= Miyama, Wakayama =

Dissolved municipality in Wakayama prefecture, Japan

Miyama (美山村, Miyama-mura) was a village located in Hidaka District, Wakayama Prefecture, Japan.

As of 2003, the village had an estimated population of 2,107 and a density of 12.50 persons per km^{2}. The total area was 168.62 km^{2}.

On May 1, 2005, Miyama, along with the town of Kawabe, and the village of Nakatsu (all from Hidaka District), was merged to create the town of Hidakagawa.

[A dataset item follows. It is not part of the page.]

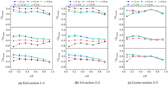 The mean pressure coefficients at the three typical sections on upper and lower surfaces and the resulting mean net pressure coefficients with cornices (c) ranging from 0 m to 1.6 m with an interval of 0.4 m are displayed in Figure 8, in which x represents the horizontal projection distance extending from the measurement tap to the roof eave. Generally, cornice has a significant impact on the mean pressure coefficients of the end section (Section 1–1) while less impact on the mean pressure coefficients of 1/4 (Section 2–2) and center (Section 3–3) sections. For the end section (Section 1–1), when the cornice reaches 0.8 m, the mean pressure coefficients on the upper and lower surfaces transition from negative values to near zero, and the magnitude at the leading edge on the lower surface is reduced by approximately 85%. After reaching 0.8 m, the mean pressure coefficients on the upper and lower surfaces remain almost unchanged. However, the mean net pressure coefficients remain unchanged when the cornice reaches 0.4 m and reduces by approximately 40% at the leading edge. For the 1/4 (Section 2–2) and center (Section 3–3) sections, cornices primarily affect the mean pressure at the leading taps. The mean net pressure coefficients at the leading taps are negative in the absence of cornices but change to positive values when cornices are present.

Despite this merger, many local people still identify with the village name, continue their local traditions, and teach village history in the school system. There are three distinct hamlets in Miyama village pocketed along the Hidaka River. These include Kawaharagou, Kasamatsu, and Sougawa; each hamlet has an elementary school, with Kawaharagou home to the village's only Junior High School. Miyama is home to many small, locally run shops, a large dam, and a park called "Yahoo point," famous for its mountain echo; tourists and families shout from the mountain and over the river to produce the echo.

On November 3, the Sougawa Matsuri is held at Sougawa Shrine, which was built by the Sougawa Chogen in 1204. It is an ancient festival where the Maishishi of Shingaku, or lion dance, takes place.